Festival jury
JO BLAIR
Jo Blair has worked in cinema exhibition for over ten years, initially at Oasis Cinemas and Zoo Cinemas. In her current position as Senior Programmer at City Screen, Jo programmes the Cameo in Edinburgh, David Lean in Croydon, Duke of Yorks Picturehouse in Brighton, Electric Birmingham, Forum Hexham, Harbour Lights Picturehouse Southampton, Hyde Park Picturehouse Leeds and The Rex in Berkhamsted. Over the years she has been involved in programming or working with various film festivals and in expanding the range of cinema programmes. This has included working with Art Angel at Ritzy Brixton on Matthew Barney’s Cremaster Cycle installation and screenings, and a current collaboration with the Serpentine Gallery on Serpentine Cinema, a monthly artist film slot at the Gate cinema in Notting Hill.
HÜLYA KOÇYİĞİT
Hülya KOÇYİĞİT is the Turkish actress who today still holds the record for the highest number of awards received from national and international film festivals. Her work has been honoured with countless awards from a wide range of press, public and national bodies and institutions.

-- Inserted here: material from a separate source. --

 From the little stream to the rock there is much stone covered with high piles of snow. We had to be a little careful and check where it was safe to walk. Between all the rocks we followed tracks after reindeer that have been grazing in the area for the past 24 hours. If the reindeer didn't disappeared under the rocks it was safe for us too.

Hülya KOÇYİĞİT was born in Istanbul on 12th December 1947. She completed her primary education in Istanbul and Ankara and started her arts education in the Department of Ballet at Ankara State Conservatory. She graduated from the junior high school department of Atatürk Girls High School and continued her education in Istanbul City Theatres. And she continued her high school education at the Department of Theatre at the Ankara State Conservatory.

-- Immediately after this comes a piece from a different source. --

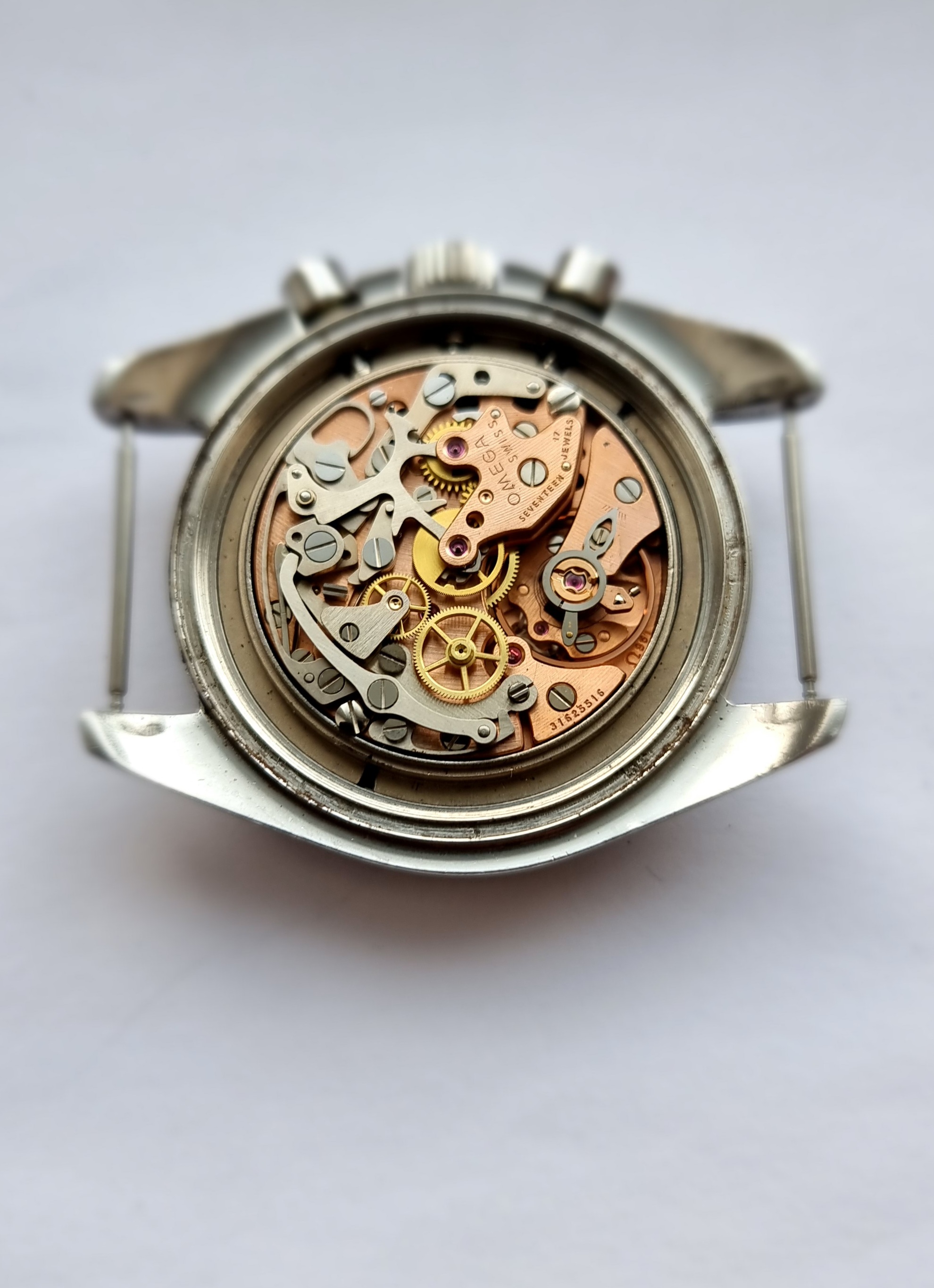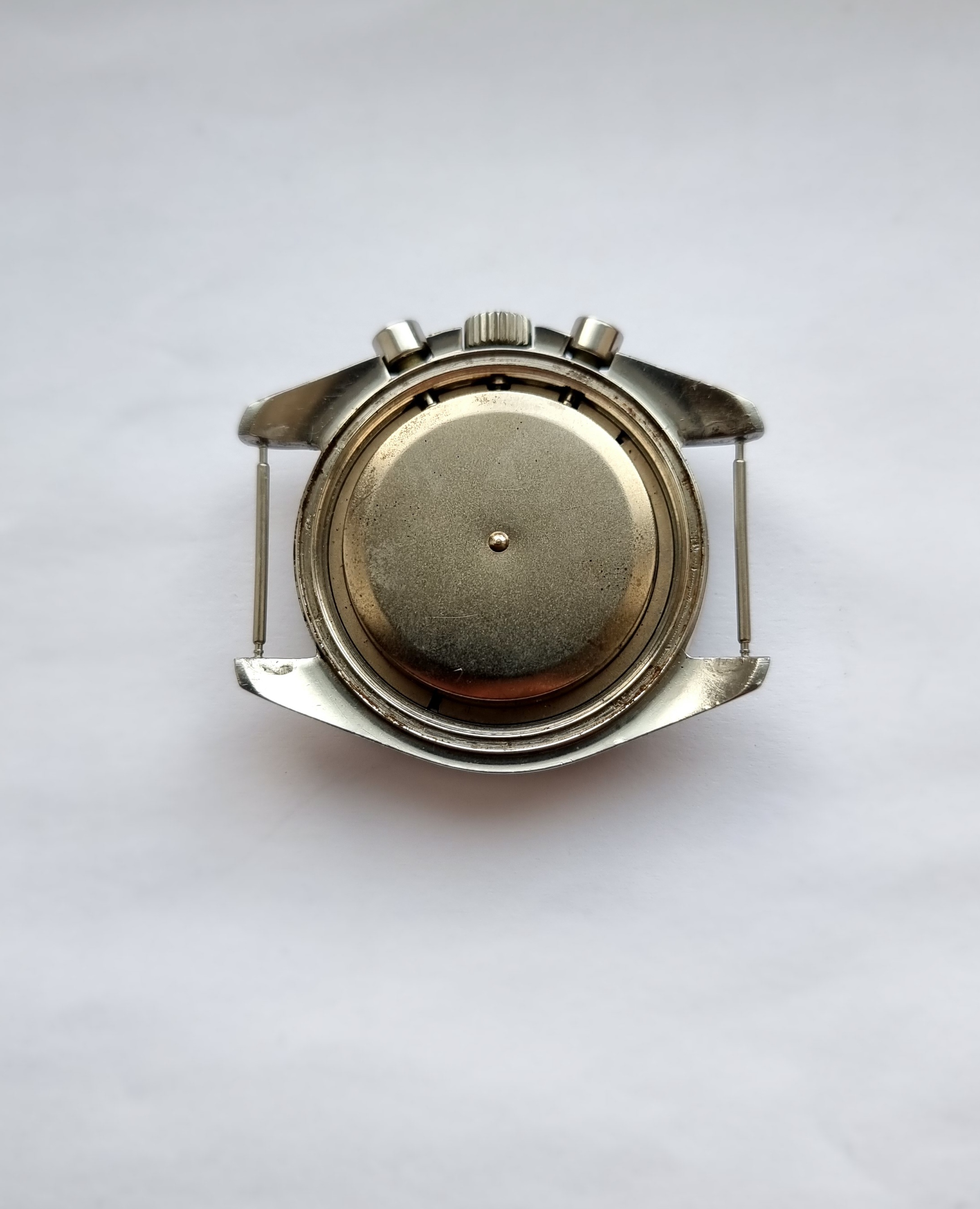 The case appears unpolished to me with only a few lights marks commensurate with age, the watch +50 years old after all. The case back still retains a sharp engraving. Original A3 wide crown and wide/tall pushers.

Hülya KOÇYİĞİT’s career as an actress began in 1963. SUSUZ YAZ, her first movie, was awarded the ALTIN AYI (GOLDEN BEAR), the grand prize at the Berlin International Film Festival and the first major award to be given to a Turkish film. She subsequently acted in some 180 films, starred in four TV series and has represented the country at Turkish Film Weeks in Hungary, Poland, China, Germany, Syria, Italy, Japan and India. In 1991 Hülya KOÇYİĞİT was recognised as a STATE ARTIST OF THE TURKISH REPUBLIC.
DAVID PARKINSON
David Parkinson has been a film critic for 25 years, specialising in foreign-language films and British and American classics from the silent era to the mid-1970s. A contributing editor on Empire magazine since 1998, he also reviews for the Radio Times, the Oxford Times and MovieMail, while also contributing articles and blog items to the Guardian Film website and the US site, Film In Focus. He also writes the Festivals & Seasons page on Empire Online, which provides the UK’s most comprehensive coverage of film festivals and retrospectives (http://www.empireonline.com/festivalsandseasons/). A regular broadcaster on BBC national and local radio, he has also written and edited a number of books, including The Bloomsbury Good Movie Guide, A History of Film, The Young Oxford Book of Cinema, Mornings in the Dark: The Graham Greene Film Reader, Oxford at the Movies and The Rough Guide to Film Musicals. He is currently working on Liverpool at the Movies and 100 Ideas That Changed Film.
JASON WOOD
The Director of programming for Curzon Cinemas (whose cinemas include Curzon Soho, Curzon Mayfair, The Renoir and Richmond Filmhouse), Jason Wood is also the author of several published film books. Titles include: 100 American Independent Films, Nick Broomfield: Documenting Icons, The Faber Book of Mexican Cinema and 100 Road Movies. His writing also appears in Little White Lies, Electric Sheep and Sight and Sound. A former board member of the Cine City Film Festival and a member of the advisory group for Abandon Normal Devices, Wood also served on the Sutherland Jury at the 2007 Times BFI London Film Festival.